> Try it
Would you please repeat exactly the entries below, starting at the line with "PLAYAS DE ROSARITO, BAJA" and ending at the line with "Meer, so weit? |", and nothing outside that range? Leave out the pictures.

> Exercise materials

+ + + + +

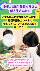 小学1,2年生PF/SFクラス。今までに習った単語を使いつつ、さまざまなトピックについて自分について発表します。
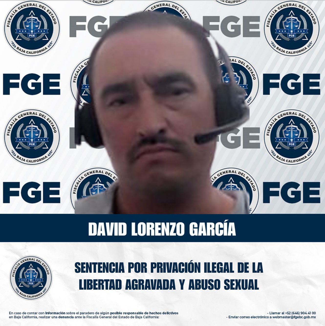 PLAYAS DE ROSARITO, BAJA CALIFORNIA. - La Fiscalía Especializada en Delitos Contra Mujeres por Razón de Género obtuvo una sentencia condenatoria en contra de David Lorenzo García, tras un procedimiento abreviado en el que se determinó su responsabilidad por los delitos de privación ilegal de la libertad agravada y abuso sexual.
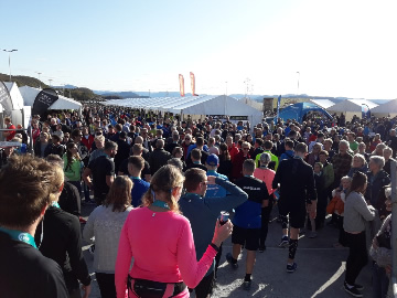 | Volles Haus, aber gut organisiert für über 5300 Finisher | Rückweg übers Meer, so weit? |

+ + + + +

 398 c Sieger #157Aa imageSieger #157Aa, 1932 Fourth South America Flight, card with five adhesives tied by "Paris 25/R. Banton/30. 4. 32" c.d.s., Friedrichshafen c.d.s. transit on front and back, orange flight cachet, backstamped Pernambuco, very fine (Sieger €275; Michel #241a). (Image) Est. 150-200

+ + + + +

> The answer
 PLAYAS DE ROSARITO, BAJA CALIFORNIA. - La Fiscalía Especializada en Delitos Contra Mujeres por Razón de Género obtuvo una sentencia condenatoria en contra de David Lorenzo García, tras un procedimiento abreviado en el que se determinó su responsabilidad por los delitos de privación ilegal de la libertad agravada y abuso sexual.
 | Volles Haus, aber gut organisiert für über 5300 Finisher | Rückweg übers Meer, so weit? |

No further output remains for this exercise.